3.2 Pengaruh Sistem Budidaya terhadap Metabolisme Sekunder
Sebagai hasil dari karakteristik pertumbuhan yang berbeda dalam sistem kultivasi, kami mempelajari dampaknya pada metabolom sekunder. Kami menentukan jejak metabolik bakteri dalam sistem kultivasi yang berbeda dalam alur kerja metabolomik yang tidak ditargetkan dengan menentukan semua MF dalam sampel supernatan rangkap tiga yang diperoleh pada akhir kultivasi (Gambar 2 ) dan selama periode kultivasi (Gambar 3 , S3 – S6 ). Hanya MF yang hadir dengan kelimpahan lebih dari 1000 dalam semua rangkap tiga dan tidak terdeteksi dalam kontrol medium dan pra-kultur yang dipertimbangkan lebih lanjut.

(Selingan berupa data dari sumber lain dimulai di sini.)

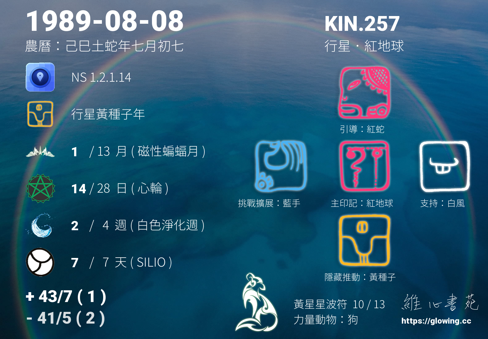 我們可以稱 KIN 257 為 【行星紅地球】 、 【行星的紅地球】 、 【黃星星波符 之 行星紅地球】 也可以是 【行星紅地球.黃星星波符】 ,你比較喜歡哪一個稱號呢?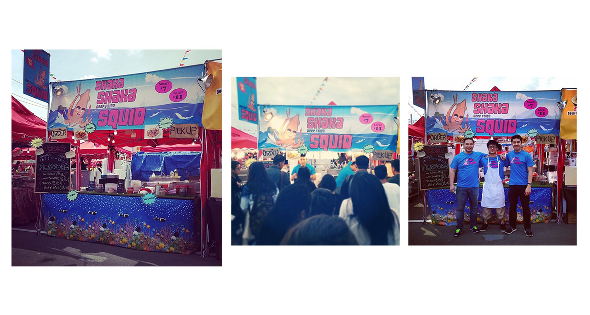 Shaka Shaka Squid was a freelance opportunity I was approached with by Alex and Wilhelm, the owners of the start up food stand. They came to me for help after deciding to invest in setting up a BBQ squid stand at the Richmond Summer Nightmarket held every summer in British Columbia.
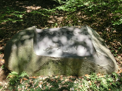 | 園内の一角にある慰霊碑。 余談ながら、動物園と千葉市の中心部を結ぶモノレールがカッコいいので、特に鉄道ファンではない私も目を見張った。中にはアニメファンが喜びそうなこんな車両も。 ![]() |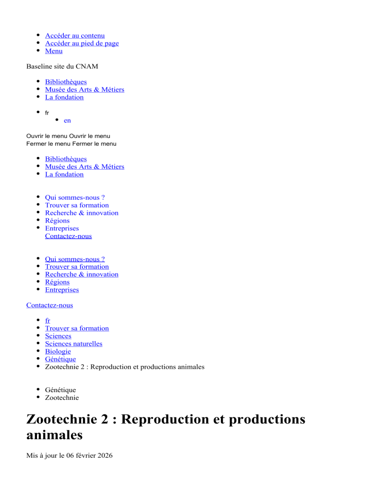 Accéder au contenu Accéder au pied de page Menu Baseline site du CNAM Bibliothèques Musée des Arts & Métiers La fondation fr en Ouvrir le menu Ouvrir le menu Fermer le menu Fermer le menu Bibliothèques Musée des Arts & Métiers La fondation Qui sommes-nous ? Trouver sa formation Recherche & innovation Régions Entreprises Contactez-nous Qui sommes-nous ? Trouver sa formation Recherche & innovation Régions Entreprises Contactez-nous fr Trouver sa formation Sciences Sciences naturelles Biologie Génétique Zootechnie 2 : Reproduction et productions animales Génétique Zootechnie Zootechnie 2 : Reproduction et productions animales Mis à jour le 06 février 2026 Responsable(s) : Mme Rebeca GARCIA, Mme Marion POMMET Cours Code Cnam : BLG118 Téléchargez le pdf Téléchargez le pdf Envie d'en savoir plus sur cette formation ? Afin d’obtenir les tarifs, le calendrier de la formation, en distanciel, en présentiel, le lieu de la formation et un contact, remplissez les critères suivants : Modalité d'apprentissage Modalité d'apprentissage Présentiel Rythme de session Rythme de session A la carte Lieu(x) Lieu(x) Pointe-à-Pitre Session de rentrée Session de rentrée Annuel Afficher mes résultats Afficher le centre adapté à mes besoins Afin d’obtenir les tarifs, le calendrier de la formation et le lieu de la formation, remplissez les critères suivants : Filtrer Tout effacer Lieu(x) Modalité d'apprentissage Rythme de session Session de rentrée Trier par Afficher les résultats Trier par Le plus récent d'abord Le plus ancien d'abord Par ordre alphabétique (A - Z) Par ordre alphabétique (Z - A) Date d'événement Afficher les résultats Lieu(x) Pointe-à-Pitre (1) Afficher les résultats Modalité d'apprentissage Présentiel (1) Afficher les résultats Rythme de session A la carte (1) Afficher les résultats Session de rentrée Annuel (1) Afficher les résultats Résultats 1 à 4 sur 11, page 1 sur 3 Filtres Lieu(x) Lieu(x) Pointe-à-Pitre (1) Modalité d'apprentissage Modalité d'apprentissage Présentiel (1) Rythme de session Rythme de session A la carte (1) Session de rentrée Session de rentrée Annuel (1) Raffraichir mes résultats Résultats 1 à 4 sur 11, page 1 sur 3 Accéder aux résultats Modifier le tri des résultats Trier par Trier par Le plus récent d'abord Le plus ancien d'abord Par ordre alphabétique (A - Z) Par ordre alphabétique (Z A) Date d'événement Génétique Environnement aménagement Phytotechnie 2 : Enjeux, concepts et outils pour le raisonnement de la conduite des cultures Cours, BLG116 6 crédits Présentiel A la carte 2025/26 Lieu Pointe-à-Pitre Voir la formation Mis à jour le 6 février 2026 Voir la formation Génétique Environnement aménagement Phytotechnie 1 : Bases scientifiques pour l'étude des plantes et des peuplements végétaux Cours, BLG115 6 crédits Présentiel A la carte 2025/26 Lieu Pointe-à-Pitre Voir la formation Mis à jour le 6 février 2026 Voir la formation Génétique Ergonomie Ingénierie formation Adaptation sociale Handicap : concepts fondamentaux et panorama sur les déficiences Cours, HTS101 4 crédits Présentiel Distanciel A la carte 2025/26 2026/27 2027/28 Lieu Cnam Entreprises Paris, Paris Voir la formation Mis à jour le 6 février 2026 Voir la formation Bio-informatique Génétique Entrée Sans niveau spécifique Certificat de spécialisation Bio-informatique avancée Certificat de spécialisation, CS8800A 27 crédits A la carte 2025/26 Lieu Centre Cnam Paris Voir la formation Mis à jour le 6 février 2026 Voir la formation 50 heures Durée : 50 heures A la carte En journée 6 crédits Présentiel Présentation Public, conditions d'accès et prérequis Prérequis Bac + 2 dans le domaine des sciences du vivant. Anglais lu recommandé. Objectifs Faire acquérir les bases scientifiques de la biologie des animaux domestiques en s'appuyant principalement sur l'étude de leur nutrition, de leur reproduction, et de leur génétique ; ces fonctions seront illustrées par des applications zootechniques. L'avis des auditeurs Les dernières réponses à l'enquête d'appréciation pour cet enseignement : Fiche synthétique au format PDF Compétences et débouchés Parcours Certificat de compétence Productions agricoles et technologies agro-alimentaires Informations pratiques Contact Département : Département : EPN07 - IAA Tel : Tel : 01 40 27 21 67 Email : Email : [email protected] Adresse : Adresse : 292 rue Saint Martin - 75003 Paris Retrouvez cette formation en centre : Lieux de formation Guadeloupe Programme Contenu Reproduction et productions animales Reproduction Conditions requises pour réussir la fécondation (réduction des digynies et polyspermie, insémination au "bon moment", intérêt de la détection des chaleurs). Ponte du maximum d'ovocytes chez les femelles de grande valeur génétique (folliculogénèse et superovulation). Détection précoce des femelles gravides (croissance et destruction des corps jaunes ; recherche des sécrétions lutéales et embryonnaires). Réduction des périodes infertiles : avancement de l'âge à la première mise à bas ; diminution des anoestrus (saisonniers et post-partum) ; méthode de synchronisation des chaleurs. Sexage, clonage, congélation et transfert d'embryons. Maîtrise de la parturition. Génétique Principes de base de l'amélioration génétique. Sélection sur valeur génétique additive. Pondération économique. Effet du milieu. Applications. Constructions des schémas de sélection. Hétérosis. Utilisation du croisement. Illustrations zootechniques Production laitière chez les ruminants, production de viande bovine, production porcine, production avicole, autres élevages (ovin, caprins, équin, cunicole, etc... ) Ces formations pourraient vous intéresser Génétique Environnement aménagement Phytotechnie 2 : Enjeux, concepts et outils pour le raisonnement de la conduite des cultures Cours, BLG116 6 crédits Présentiel A la carte 2025/26 Li

Untuk menyelidiki lebih lanjut dampak sistem kultivasi pada kemunculan SM yang bergantung pada waktu selama seluruh periode kultivasi, kami memantau kemunculan MF setiap hari dan mengelompokkan profil intensitasnya dari waktu ke waktu menggunakan analisis pengelompokan hierarkis. Secara keseluruhan, tiga profil produksi produksi awal , produksi & degradasi , dan produksi akhir diklasifikasikan dalam studi ini, dengan contoh yang diberikan untuk setiap bakteri pada Gambar S3 : Profil produksi awal menggambarkan MF yang dibentuk oleh bakteri setelah satu atau dua hari pertumbuhan dalam sistem kultivasi. Intensitasnya mencapai maksimum dan tetap konstan hingga akhir kultivasi. Profil produksi produksi & degradasi diklasifikasikan saat MF muncul dan menghilang selama kultivasi. MF yang diproduksi setelah 3 atau 4 hari kultivasi dan terus meningkat jumlahnya hingga akhir kultivasi, dikategorikan sebagai profil produksi akhir . Untuk mendapatkan pemahaman yang lebih mendalam tentang hubungan antara MF dan struktur kimianya, anotasi dilakukan dengan membandingkan waktu retensi dan spektrum fragmentasi dengan standar kimia, memanfaatkan pustaka spektral daring GNPS, atau menggunakan alat fragmentasi in-silico SIRIUS. Daftar lengkap semua MF yang terdeteksi beserta anotasinya disediakan pada Tabel S2 .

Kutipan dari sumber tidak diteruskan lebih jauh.